Novel plant-derived antimicrobials are of interest in dentistry, especially in the treatment of periodontitis, since the use of established substances is associated with side effects and concerns of antimicrobial resistance have been raised. Thus, the present study was performed to quantify the antimicrobial efficacy of crude plant extracts against Porphyromonas gingivalis, a pathogen associated with periodontitis. The minimal inhibitory concentrations (MICs) of Eucalyptus globulus leaf, Azadirachta indica leaf, Glycyrrhiza glabra root and Rheum palmatum root extracts were determined by broth microdilution for P. gingivalis ATCC 33277 according to CLSI (Clinical and Laboratory Standards Institute). The MICs for the E. globulus, A. indica and G. glabra extracts ranged from 64 mg/L to 1024 mg/L. The lowest MIC was determined for an ethanolic R. palmatum extract with 4 mg/L. The MIC for the anthraquinone rhein was also measured, as the antimicrobial activity of P. palmatum root extracts can be partially traced back to rhein. Rhein showed a remarkably low MIC of 0.125 mg/L. However, the major compounds of the R. palmatum root extract were not further separated and purified. In conclusion, R. palmatum root extracts should be further studied for the treatment of periodontitis.

1. Introduction

According to the Global Burden of Disease Study, severe periodontitis had a prevalence of nearly 10% of the global population in 2016 [1]. It is a chronic inflammatory disease of tooth-surrounding tissues causing soft tissue destruction and alveolar bone loss and, thus, may ultimately lead to tooth loss [2]. Furthermore, it has been associated with an increased risk of all-cause mortality and several diseases such as cardiovascular disease, cancer, diabetes mellitus, psoriasis and rheumatoid arthritis [3,4,5,6,7].

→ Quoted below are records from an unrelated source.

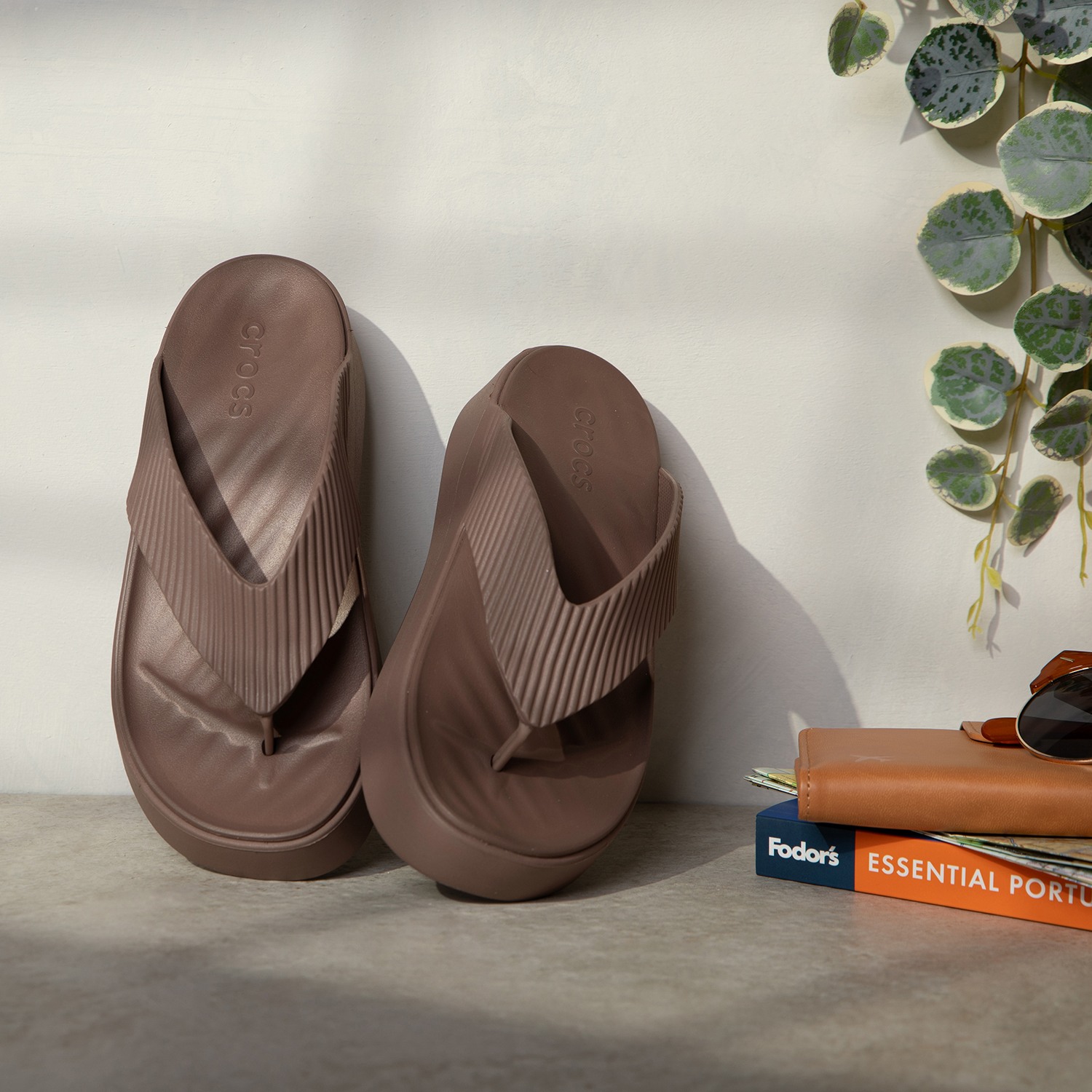 The Crocs Getaway Collection with new Free Feel Technology™ introduces our most seamless comfort innovation yet The soft, flexible Free Feel Technology™ upper feels like nothing at all, floating on top of your foot and moving with you without restriction With a variety of heights and stylish silhouettes, you will have a sandal for every occasion and all your getaways! This version features a platform flip silhouette and resort inspired texture Once you step in, you will never want to take them off Getaway Groove Platform Flip Details: Roomy fit We recommend 1/2 sizes to size down Resort inspired texture on upper straps “Feels like Nothing at All” Free Feel Technology™ Upper SOFT Supremely smooth straps SEAMLESS Unrestricted comfort LIGHTWEIGHT Impossibly light for all-day wear FLEXIBLE Moves with you and your every step Sink-in soft Croslite™ footbed Platform height of 1 5 inches | 40 5mm | 4 05cm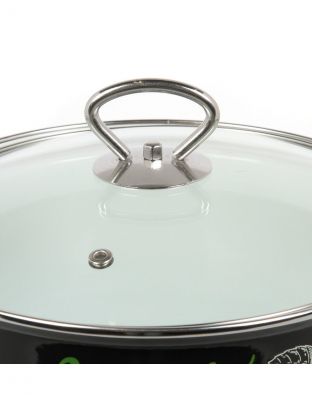 - Объем 3 л, диаметр 20 см, стеклянная крышка с выпускным клапаном — безопасное приготовление, оптимально для семьи.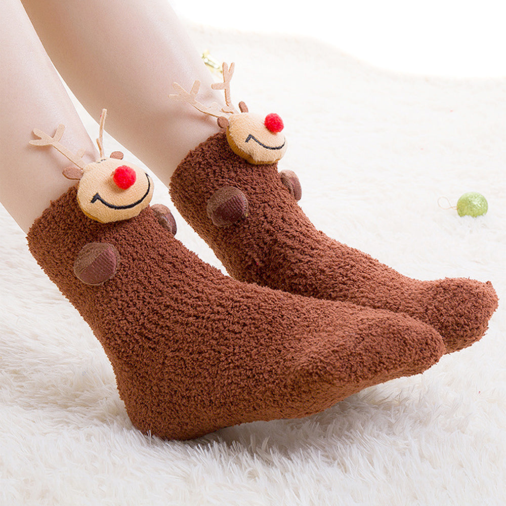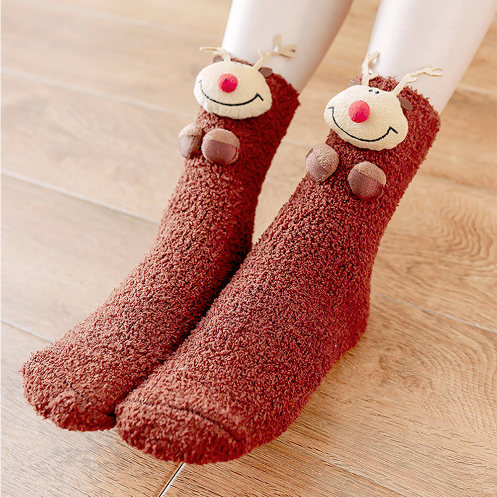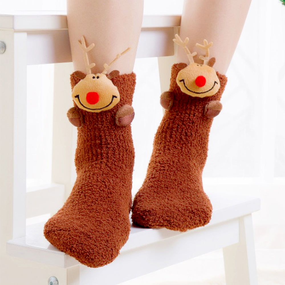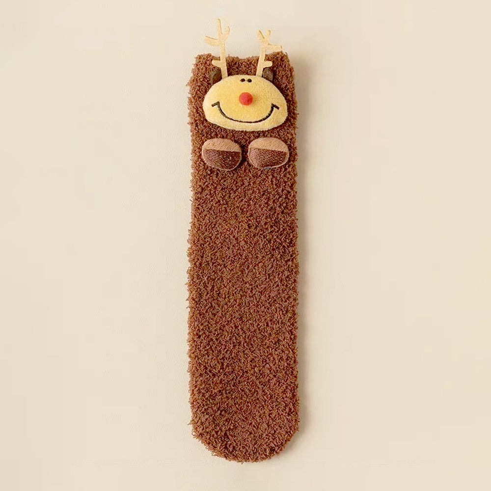 Dark Brown Reindeer -Xmas Tree Theme Woolen Christmas Socks For Kids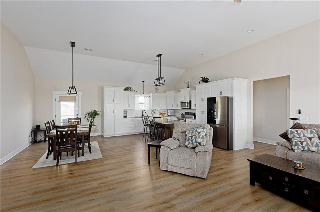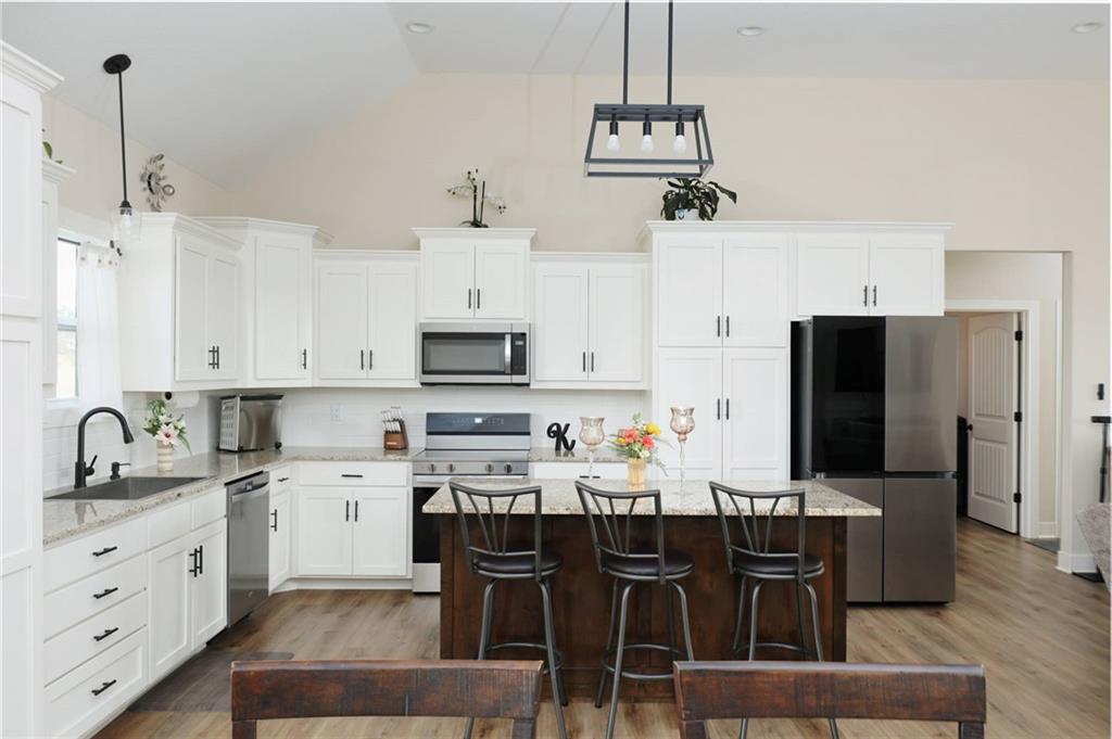 Like new inside and out! Enter this nearly new home and step into an expansive open living area with soaring 12' ceilings. The kitchen features stainless steel appliances, granite countertops, two pantry spaces and a large island. 9' ceilings are throughout the rest of the home. The spacious primary suite includes a long double vanity area, large shower and generous walk-in closet. Two more substantial-sized bedrooms share a hall bath. An oversized two-car garage provides additional storage for vehicles and more. This great ranch home is situated on 4 acres on the outskirts of Kingsville--just minutes away from Holden and only 15 minutes to Pleasant Hill. Enjoy modern living with views of fields from your front porch and back patio. This is a great opportunity to live in a new, contemporary home while enjoying the peacefulness of country living. This is a "must see" property!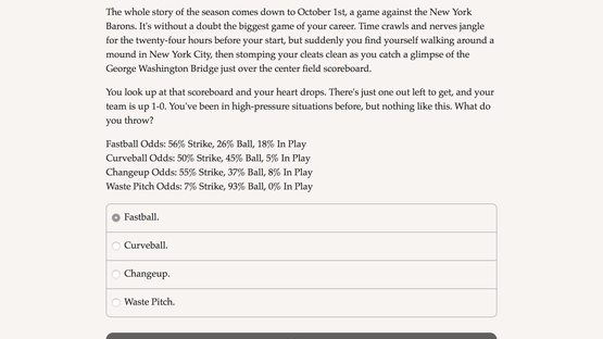 Grab your glove, it's time to pitch your way to the top of the major leagues! Throw fastballs, curveballs, and sliders to take home a pennant!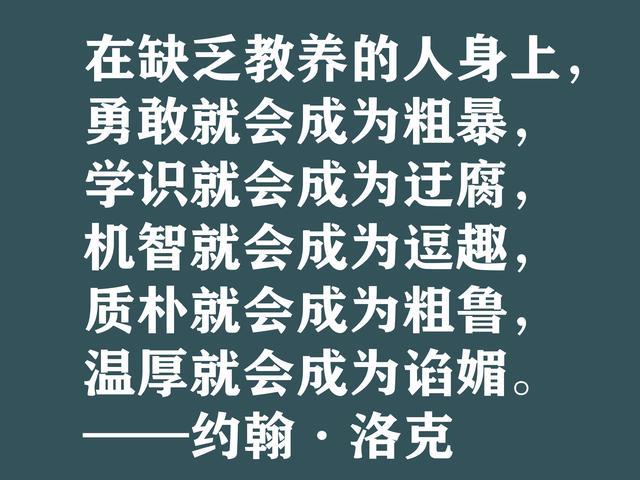 在缺乏教养的人身上,勇敢就会成为粗暴,学识就会成为迂腐,机智就会成为逗趣,质朴就会成为粗鲁,温厚就会成为谄媚。 ——约翰·洛克

The initiation and progression of chronic periodontitis is a multifactorial process that is driven by Porphyromonas gingivalis, an obligate anaerobe Gram-negative rod that is part of the human oral flora [8]. Alongside being a pathogen in periodontitis, P. gingivalis may induce systemic inflammation and has been correlated with the development of systemic disorders such as cardiovascular and rheumatic disease [9].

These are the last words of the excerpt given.